# SDS-2.2

**Scalable Data Science from Atlantis**, *A Big Data Course in Apache Spark 2.2*

Welcome! This is a 2017 Uppsala Big Data Meetup of a fast-paced PhD course sequel in data science.

Most lectures are live via HangoutsOnAir in Youtube at this channel and archived in this playlist. We are not set up for live interactions online.

There are two parts to the course sequel:

- Introduction to Data Science
- Fundamentals of Data Science

## SDS-2.2 Book

The course gitbook, edited by Dan Lilja, Raazesh Sainudiin and Tilo Wiklund, is under construction at:

## Uppsala University Students

Introduction to Data Science and Fundamentals of Data Science is a *"big data"* sequel that will introduce researchers from various scientific and engineering disciplines to the rapidly growing field of data science and equip them with the latest industry-recommended open sourced tools for extracting insights from large-scale datasets through the complete data science process of collecting, cleaning, extracting, transforming, loading, exploring, modelling, analysing, tuning, predicting, communicating and serving.

## Support

The course is supported by databricks academic partners programme (databricks is the UC, Berkeley startup founded by the creators of Apache Spark™, a fast and general engine for large-scale data processing) and Amazon Web Services Educate, and aims to train data scientists towards being able to meet the current needs of Stockholm's data industry through feedback from the AI and Data Analytics Centre of Excellence at Combient AB, an industrial joint venture between 21 large companies in Sweden and Finland.

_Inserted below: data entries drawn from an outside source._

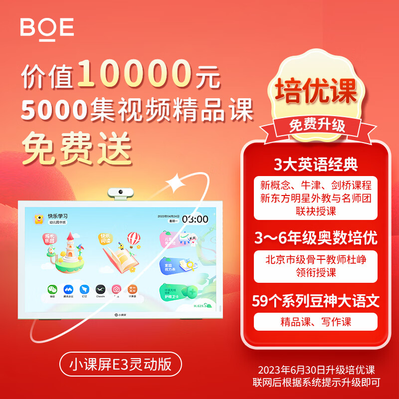 京东方BOE小课屏E3灵动版128G学生学习平板21.5英寸类纸护眼儿童学习机 小学初高中同步点读网课早教机家教机价格:3899.00元!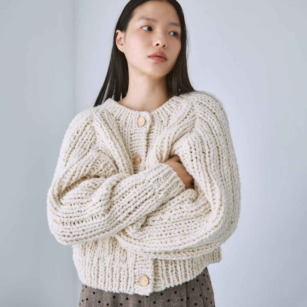 ペルー産ハンドメイドニットらしい太糸と優しい表情が特徴のカーディガン。ウール混素材でアウター感覚の暖かさもあり、季節を問わずレイヤードスタイルを楽しめる万能アイテムです。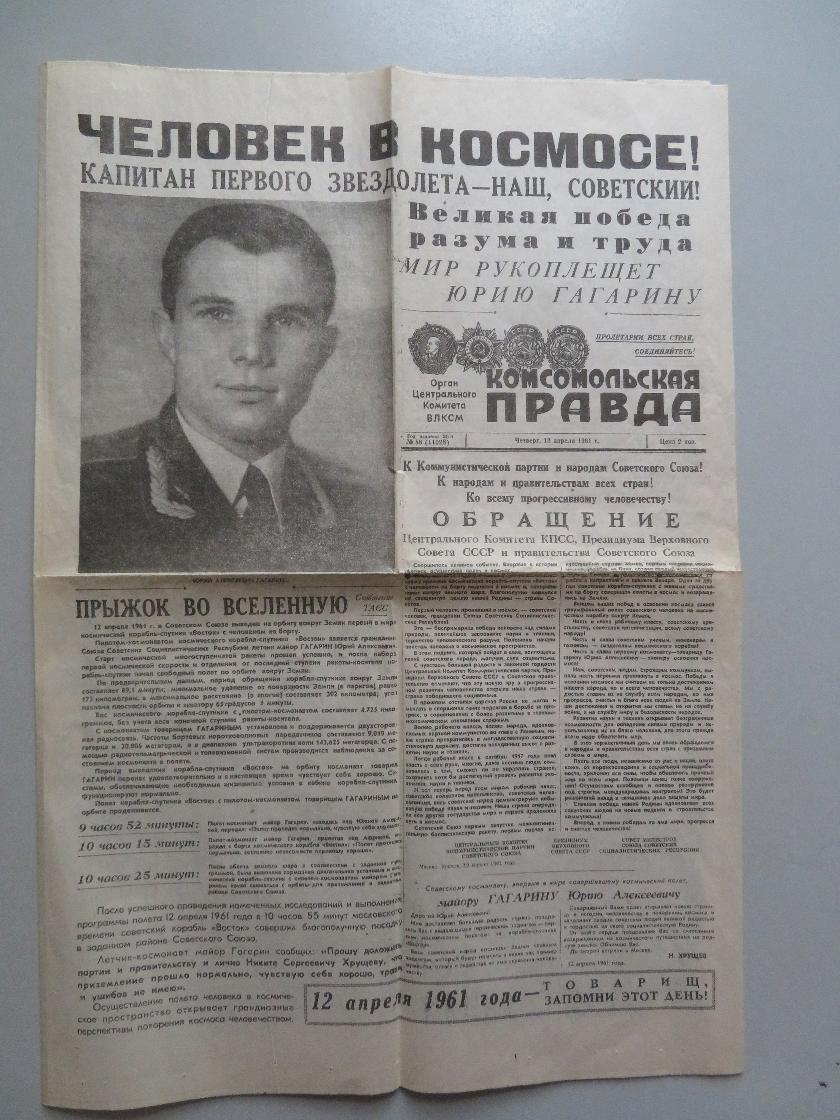 Петр Спиридонович не только в подробностях помнит день первого полета человека в космос, но и бережно хранит на протяжении 60 лет газету «Комсомольская правда» от 13 апреля 1961 года. Там напечатано сообщение ТАСС о том, что в Советском Союзе выведен на орбиту вокруг Земли первый в мире космический корабль-спутник «Восток» с человеком на борту.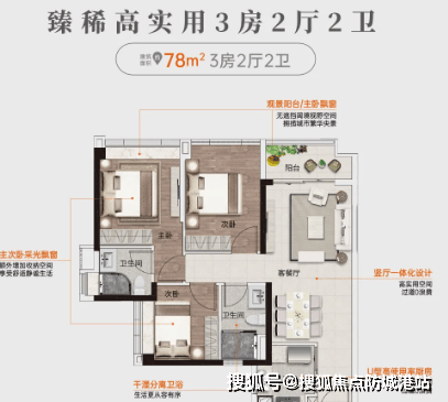 建面约78平方米 3房2厅2卫:无遮挡阔境视野空间,高实用空间,过道0浪费,额外增加收纳空间。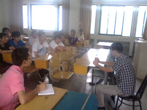 为了更好地让广大同学们了解现阶段从普通高职院校毕业生中入伍及招收士官有关政策规定。2010年6月1日下午1点30分,建筑工程系邀请我院06级汽修专业士官王辉学长来我系与想要报考士官的08级学生就士官政策及待遇问题做了一次深入的交流。交流会中我系08级学生就士官招收对象、招收条件、招收专业、招收程序和有关政策规定做了深入的交流,王辉学长解答了08级学生的一些问题,经过长达一个多小时的交流,08级学生对士官政策有了进一步的了解。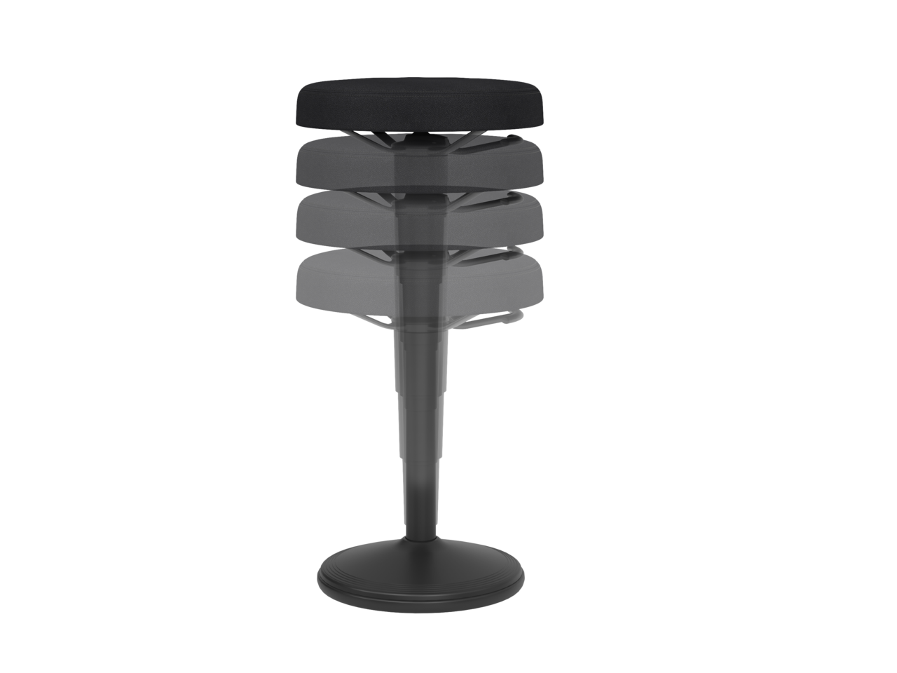 Die stufenlose Höhenverstellung (ca. 55 – 81 cm) erfolgt über eine hochwertige Gasdruckfeder, so passt sich der Hocker an verschiedene Körpergrößen und Tischhöhen an – von klassischem Schreibtisch über erhöhte Arbeitsflächen bis zum Stehbereich.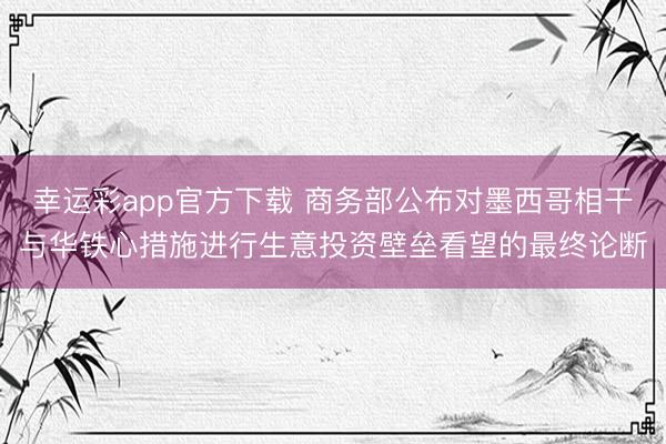 凭证《中华东谈主民共和国对外生意法》和《对外生意壁垒看望法式》关系章程,商务部于2025年9月25日发布2025年第53号公告,决定对墨西哥相干与华铁心措施进行生意投资壁垒看望。 现本看望齐全,凭证看...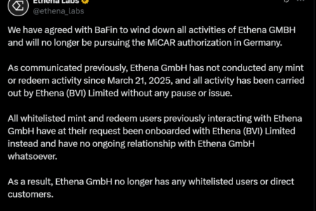Ethena Labs reached an agreement with Germany’s Federal Financial Supervisory Authority, also known as BaFin, to cease all operations of its local subsidiary, Ethena GmbH, according to an April 15 announcement.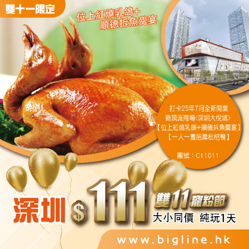 | 第1天 | 位上紅燒乳鴿+順德拆魚羹宴 |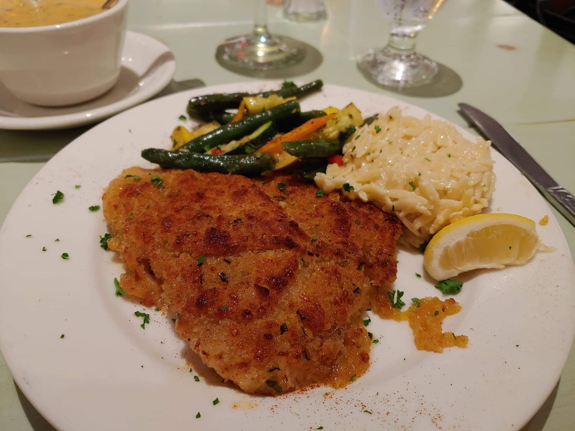 Read moreWe wanted a fine dining experience in Rockport and internet research showed this restaurant seemed to fit the bill. I'm not sure if reservations are required, but we made reservations for 6pm on a Saturday. The drinks I got from the bar were excellent! A couple Woodford Reserve Old-fashioneds did the trick. I was disappointed in the side dishes on the menu. Almost all of the dinner entrees are served with the same sides; an orzo pasta and sautéed vegetables. Keep in mind, when I had my dinner, I enjoyed them, but I was surprised & disappointed in the lack of options. I ordered the stuffed shrimp and thought it was quite good. The salad with house vinaigrette was great! My wife is more of a steak lover, so she ordered the only beef option, the Steak Diane. This is supposed to be two 4-ounce beef tenderloin medallions. The "beef tenderloin" was surprisingly tough, as this should be the most tender cut of beef. It even had some sinew in it, which lead me to believe it may not have been beef tenderloin, or maybe just a bad cut. Either way, it was not of the quality we expected. The desserts were excellent. We had the key lime tart and the creme brulee, which was prepared tableside! I would rate 4.5 if I could. I just wish more sides were available and the beef wasn't of...

## Overview of Data Science Courses

Data Science is the study of the generalizable extraction of knowledge from data in a practical and scalable manner. A data scientist is characterized by an integrated skill set spanning mathematics, statistics, machine learning, artificial intelligence, databases and optimization along with a deep understanding of the craft of problem formulation to engineer effective solutions (DOI:10.1145/2500499, DOI: 10.1126/science.aaa8415). This course will introduce students to this rapidly growing field and equip them with some of its basic principles and tools.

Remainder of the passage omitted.